**The task**
Please set down only the lines below starting with the line with "디지타임즈(DGTIMEZ) 이강옥 기자" and going on through the line with "You need to", verbatim and without pictures.

**Supplied data**
>>>>>
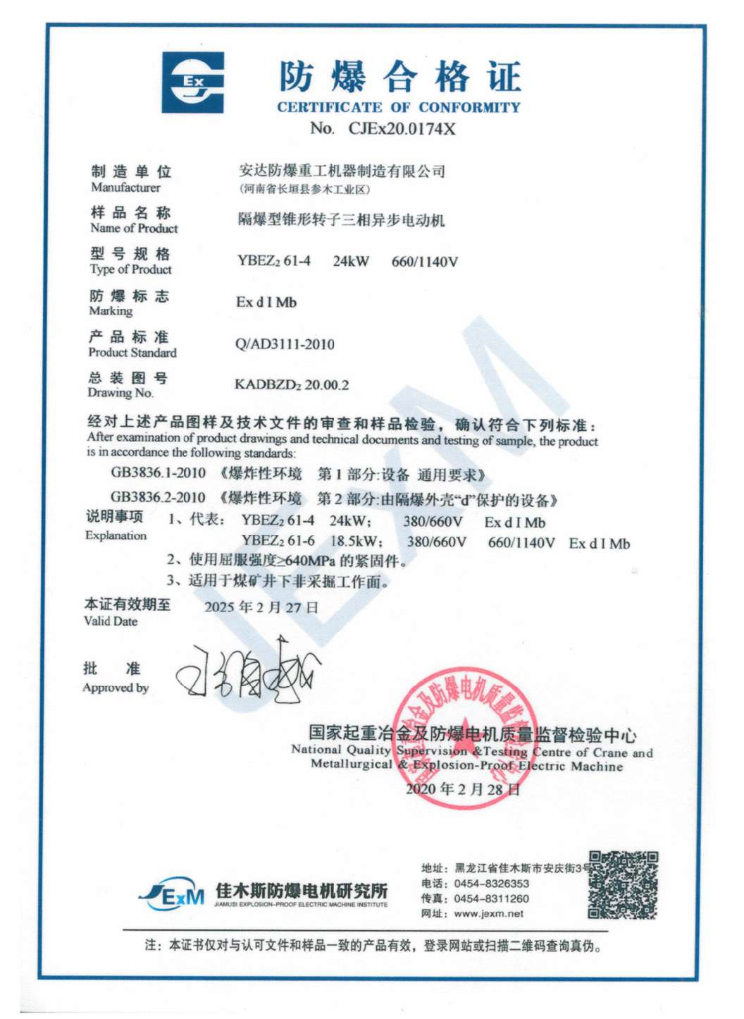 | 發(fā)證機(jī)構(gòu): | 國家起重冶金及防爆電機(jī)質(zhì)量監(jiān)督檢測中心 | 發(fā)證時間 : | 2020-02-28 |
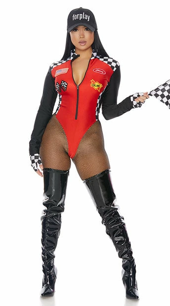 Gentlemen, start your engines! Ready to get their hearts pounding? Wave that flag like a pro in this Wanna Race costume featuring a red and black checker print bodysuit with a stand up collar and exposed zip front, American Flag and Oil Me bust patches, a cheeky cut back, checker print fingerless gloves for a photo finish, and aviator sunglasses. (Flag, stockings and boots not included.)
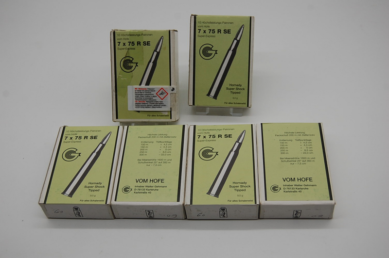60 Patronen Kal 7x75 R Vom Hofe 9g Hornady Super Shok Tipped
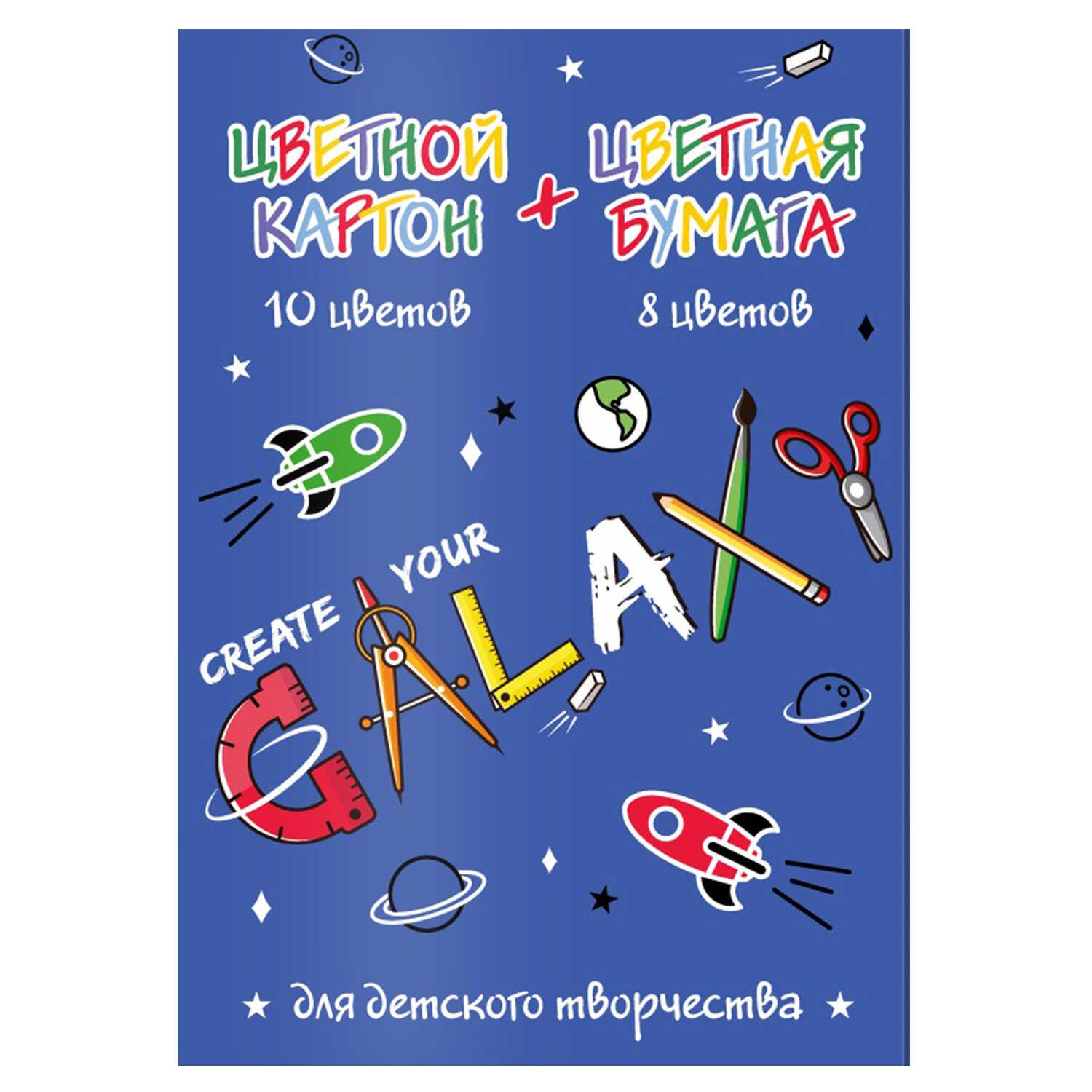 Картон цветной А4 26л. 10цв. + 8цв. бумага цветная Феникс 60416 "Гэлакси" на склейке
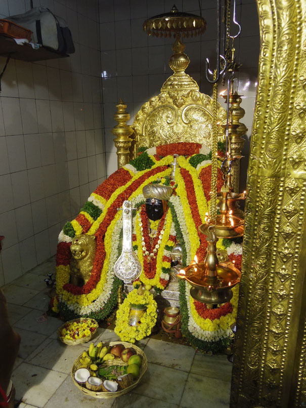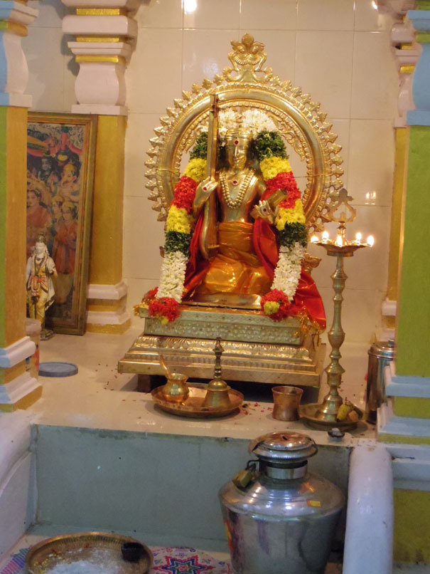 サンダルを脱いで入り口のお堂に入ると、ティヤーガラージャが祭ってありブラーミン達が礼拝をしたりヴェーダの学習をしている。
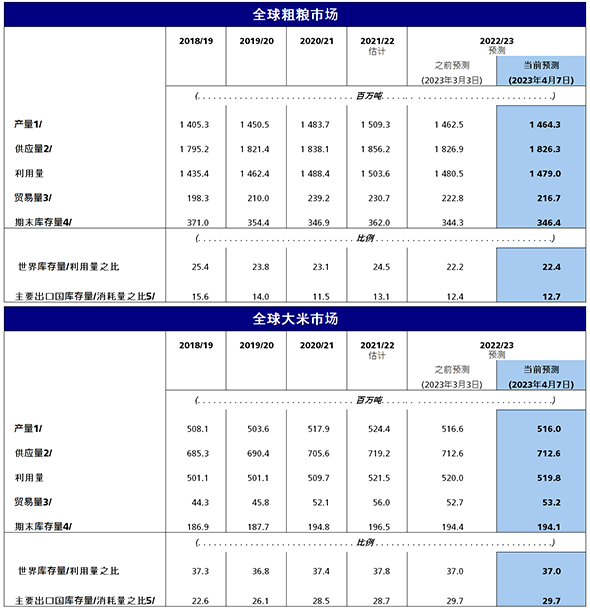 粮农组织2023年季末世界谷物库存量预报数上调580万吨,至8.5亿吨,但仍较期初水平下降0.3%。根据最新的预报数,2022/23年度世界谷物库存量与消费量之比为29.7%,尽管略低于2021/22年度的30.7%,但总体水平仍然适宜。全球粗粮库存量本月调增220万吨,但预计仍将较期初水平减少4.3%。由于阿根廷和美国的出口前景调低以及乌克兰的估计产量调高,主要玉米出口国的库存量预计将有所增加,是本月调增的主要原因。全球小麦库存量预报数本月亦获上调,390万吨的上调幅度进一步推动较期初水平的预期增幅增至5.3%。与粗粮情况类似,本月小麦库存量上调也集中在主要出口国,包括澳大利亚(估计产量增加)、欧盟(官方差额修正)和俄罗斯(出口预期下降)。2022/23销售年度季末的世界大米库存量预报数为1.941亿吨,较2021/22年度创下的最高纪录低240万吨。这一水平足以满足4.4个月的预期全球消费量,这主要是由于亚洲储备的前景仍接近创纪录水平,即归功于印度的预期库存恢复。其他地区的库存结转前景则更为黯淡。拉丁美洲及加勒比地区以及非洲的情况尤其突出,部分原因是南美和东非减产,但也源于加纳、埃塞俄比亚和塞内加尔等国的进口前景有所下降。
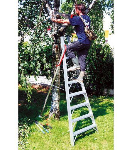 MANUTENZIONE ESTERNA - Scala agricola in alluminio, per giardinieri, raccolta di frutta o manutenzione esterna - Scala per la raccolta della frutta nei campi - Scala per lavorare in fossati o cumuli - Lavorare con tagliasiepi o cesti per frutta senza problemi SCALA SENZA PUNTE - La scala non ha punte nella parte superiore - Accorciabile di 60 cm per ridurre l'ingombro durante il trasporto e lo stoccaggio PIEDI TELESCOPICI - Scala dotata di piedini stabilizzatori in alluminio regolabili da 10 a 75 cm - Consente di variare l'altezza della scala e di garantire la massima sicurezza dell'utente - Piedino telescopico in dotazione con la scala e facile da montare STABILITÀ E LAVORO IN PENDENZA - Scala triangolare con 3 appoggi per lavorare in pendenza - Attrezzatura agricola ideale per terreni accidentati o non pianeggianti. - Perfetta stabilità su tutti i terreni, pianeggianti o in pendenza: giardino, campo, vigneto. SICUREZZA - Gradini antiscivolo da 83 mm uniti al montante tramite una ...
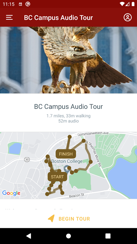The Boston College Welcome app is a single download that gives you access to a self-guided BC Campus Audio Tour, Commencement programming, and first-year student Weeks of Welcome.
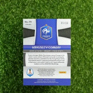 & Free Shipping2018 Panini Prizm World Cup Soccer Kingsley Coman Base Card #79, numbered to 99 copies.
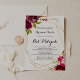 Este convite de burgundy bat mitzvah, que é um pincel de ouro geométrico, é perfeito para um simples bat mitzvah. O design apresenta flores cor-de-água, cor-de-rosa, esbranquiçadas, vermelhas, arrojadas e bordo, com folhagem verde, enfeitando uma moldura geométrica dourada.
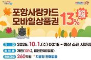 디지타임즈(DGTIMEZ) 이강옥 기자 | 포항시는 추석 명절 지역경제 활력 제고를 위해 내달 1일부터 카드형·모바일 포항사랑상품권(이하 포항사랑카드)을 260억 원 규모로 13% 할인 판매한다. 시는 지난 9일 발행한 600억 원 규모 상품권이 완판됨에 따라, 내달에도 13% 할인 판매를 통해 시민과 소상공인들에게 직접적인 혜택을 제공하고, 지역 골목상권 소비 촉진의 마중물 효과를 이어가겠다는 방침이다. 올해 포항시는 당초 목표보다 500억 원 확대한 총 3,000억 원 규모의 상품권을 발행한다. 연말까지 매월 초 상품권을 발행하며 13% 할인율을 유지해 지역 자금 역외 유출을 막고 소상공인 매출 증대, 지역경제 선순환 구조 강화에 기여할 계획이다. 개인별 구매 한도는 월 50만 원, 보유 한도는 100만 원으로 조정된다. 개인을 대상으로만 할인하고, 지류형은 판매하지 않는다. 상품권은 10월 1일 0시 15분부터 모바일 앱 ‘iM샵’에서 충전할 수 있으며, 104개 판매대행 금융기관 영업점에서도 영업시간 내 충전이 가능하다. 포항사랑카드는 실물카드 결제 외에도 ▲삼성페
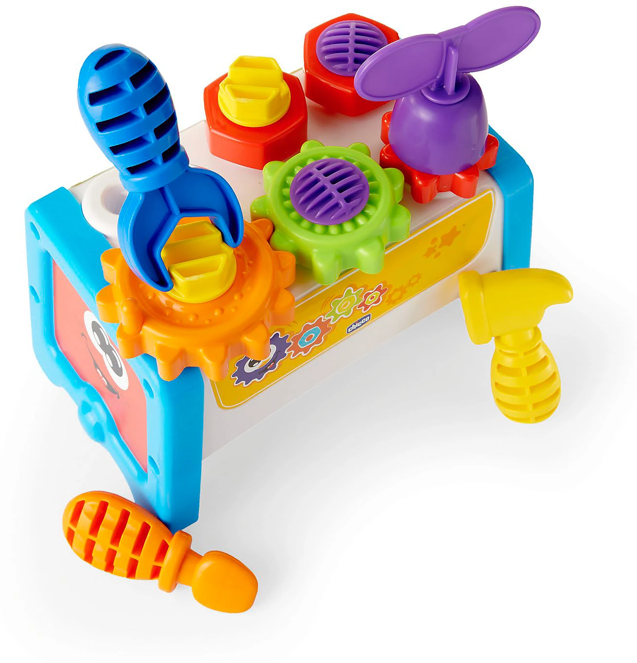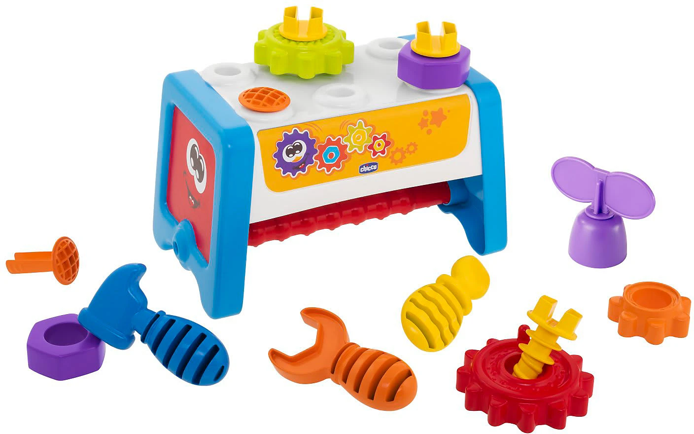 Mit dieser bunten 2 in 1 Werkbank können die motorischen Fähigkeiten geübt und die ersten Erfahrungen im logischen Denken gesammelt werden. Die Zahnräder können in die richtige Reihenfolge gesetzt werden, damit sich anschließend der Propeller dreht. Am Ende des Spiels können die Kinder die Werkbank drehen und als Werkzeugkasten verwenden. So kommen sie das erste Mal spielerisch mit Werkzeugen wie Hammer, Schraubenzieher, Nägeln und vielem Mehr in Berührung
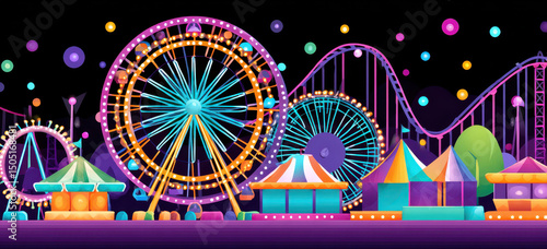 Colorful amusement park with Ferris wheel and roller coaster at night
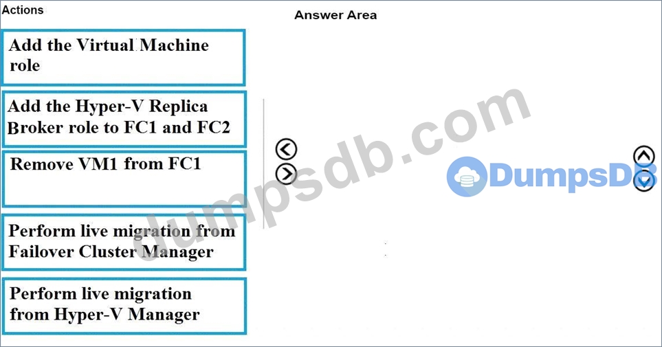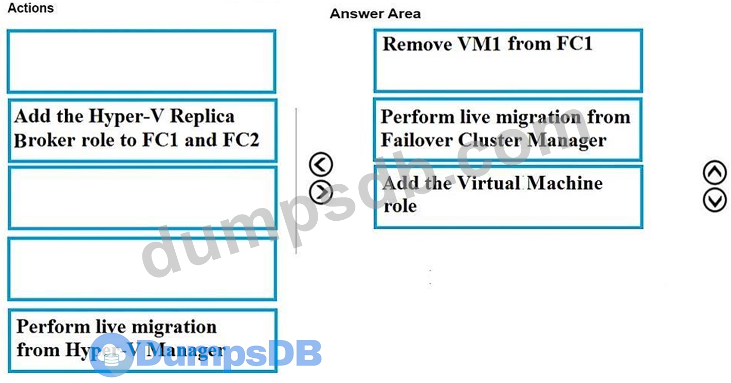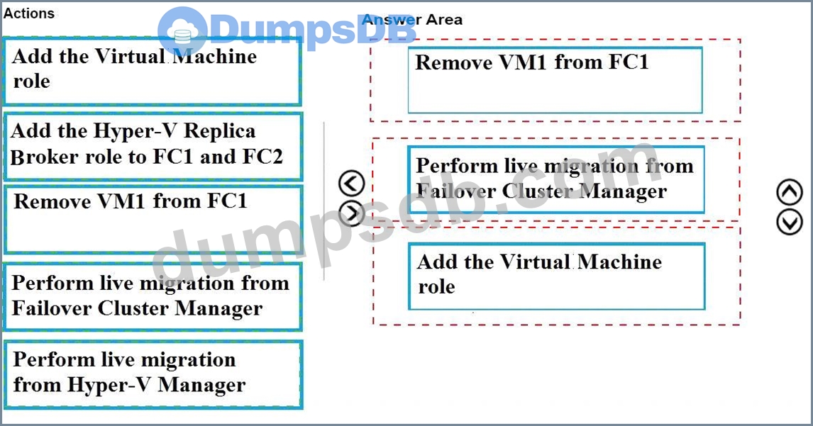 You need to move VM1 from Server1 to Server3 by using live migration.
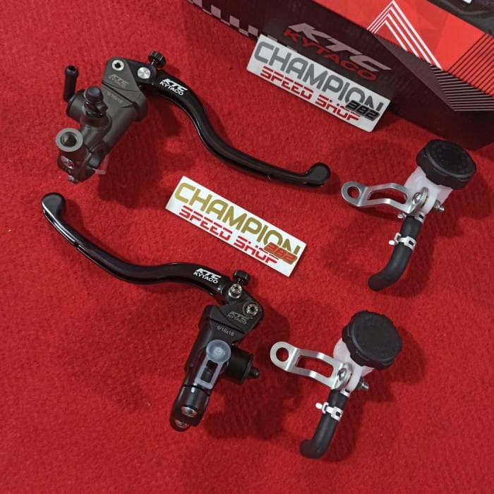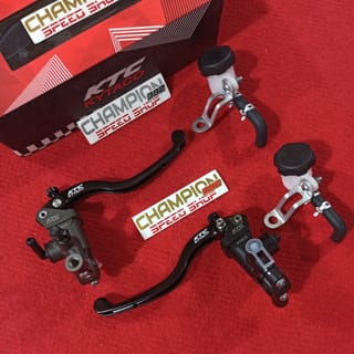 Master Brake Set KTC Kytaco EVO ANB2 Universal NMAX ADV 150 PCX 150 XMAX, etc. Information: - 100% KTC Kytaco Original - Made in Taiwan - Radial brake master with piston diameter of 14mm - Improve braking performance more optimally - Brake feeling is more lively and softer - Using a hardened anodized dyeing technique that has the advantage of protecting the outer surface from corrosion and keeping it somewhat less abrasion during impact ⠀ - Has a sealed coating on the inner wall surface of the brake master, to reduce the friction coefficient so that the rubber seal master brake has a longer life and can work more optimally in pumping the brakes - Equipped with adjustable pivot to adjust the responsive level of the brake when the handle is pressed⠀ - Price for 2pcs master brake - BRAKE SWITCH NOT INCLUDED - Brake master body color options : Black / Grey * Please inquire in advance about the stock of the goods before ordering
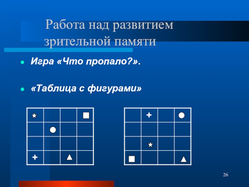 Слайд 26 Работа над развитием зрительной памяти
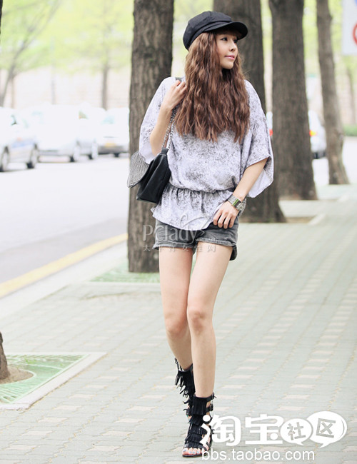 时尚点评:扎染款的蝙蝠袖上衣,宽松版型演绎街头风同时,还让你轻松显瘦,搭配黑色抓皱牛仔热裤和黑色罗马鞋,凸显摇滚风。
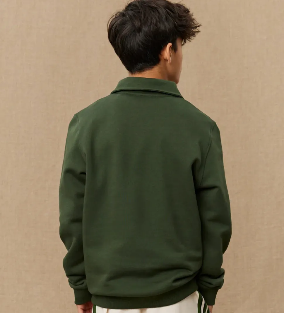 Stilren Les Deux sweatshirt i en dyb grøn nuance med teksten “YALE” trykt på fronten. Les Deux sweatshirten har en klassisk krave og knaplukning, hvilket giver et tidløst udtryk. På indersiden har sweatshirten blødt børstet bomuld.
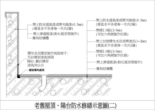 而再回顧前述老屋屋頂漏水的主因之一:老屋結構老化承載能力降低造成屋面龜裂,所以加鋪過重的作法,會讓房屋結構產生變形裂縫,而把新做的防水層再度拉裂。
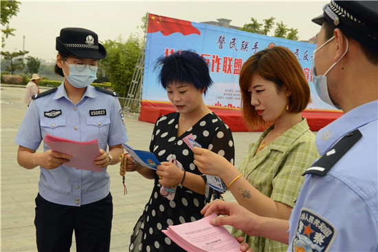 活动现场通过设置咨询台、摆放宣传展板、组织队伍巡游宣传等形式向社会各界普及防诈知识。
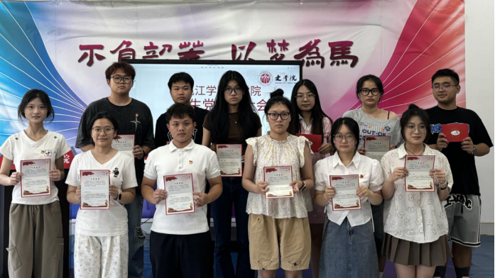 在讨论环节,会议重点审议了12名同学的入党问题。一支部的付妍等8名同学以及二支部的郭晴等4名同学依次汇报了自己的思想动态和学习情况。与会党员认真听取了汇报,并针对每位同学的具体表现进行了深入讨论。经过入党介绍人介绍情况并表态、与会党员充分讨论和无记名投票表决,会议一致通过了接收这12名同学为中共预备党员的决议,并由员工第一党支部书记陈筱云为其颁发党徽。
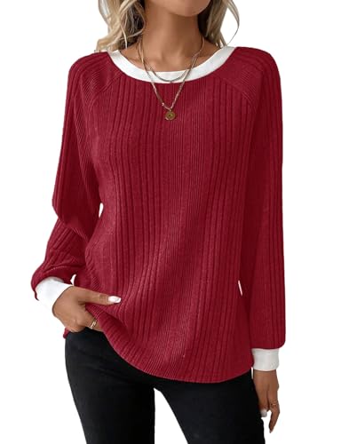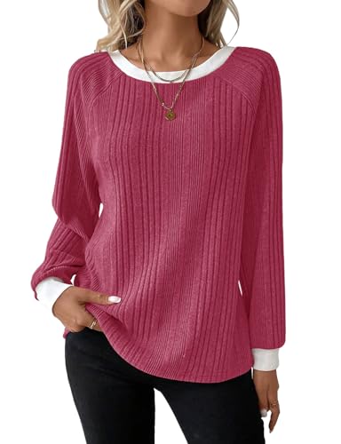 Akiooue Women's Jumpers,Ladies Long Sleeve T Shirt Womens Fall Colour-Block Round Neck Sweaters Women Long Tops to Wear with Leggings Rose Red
<<<<<
**Answer space**
 디지타임즈(DGTIMEZ) 이강옥 기자 | 포항시는 추석 명절 지역경제 활력 제고를 위해 내달 1일부터 카드형·모바일 포항사랑상품권(이하 포항사랑카드)을 260억 원 규모로 13% 할인 판매한다. 시는 지난 9일 발행한 600억 원 규모 상품권이 완판됨에 따라, 내달에도 13% 할인 판매를 통해 시민과 소상공인들에게 직접적인 혜택을 제공하고, 지역 골목상권 소비 촉진의 마중물 효과를 이어가겠다는 방침이다. 올해 포항시는 당초 목표보다 500억 원 확대한 총 3,000억 원 규모의 상품권을 발행한다. 연말까지 매월 초 상품권을 발행하며 13% 할인율을 유지해 지역 자금 역외 유출을 막고 소상공인 매출 증대, 지역경제 선순환 구조 강화에 기여할 계획이다. 개인별 구매 한도는 월 50만 원, 보유 한도는 100만 원으로 조정된다. 개인을 대상으로만 할인하고, 지류형은 판매하지 않는다. 상품권은 10월 1일 0시 15분부터 모바일 앱 ‘iM샵’에서 충전할 수 있으며, 104개 판매대행 금융기관 영업점에서도 영업시간 내 충전이 가능하다. 포항사랑카드는 실물카드 결제 외에도 ▲삼성페
 Mit dieser bunten 2 in 1 Werkbank können die motorischen Fähigkeiten geübt und die ersten Erfahrungen im logischen Denken gesammelt werden. Die Zahnräder können in die richtige Reihenfolge gesetzt werden, damit sich anschließend der Propeller dreht. Am Ende des Spiels können die Kinder die Werkbank drehen und als Werkzeugkasten verwenden. So kommen sie das erste Mal spielerisch mit Werkzeugen wie Hammer, Schraubenzieher, Nägeln und vielem Mehr in Berührung
 Colorful amusement park with Ferris wheel and roller coaster at night
 You need to move VM1 from Server1 to Server3 by using live migration.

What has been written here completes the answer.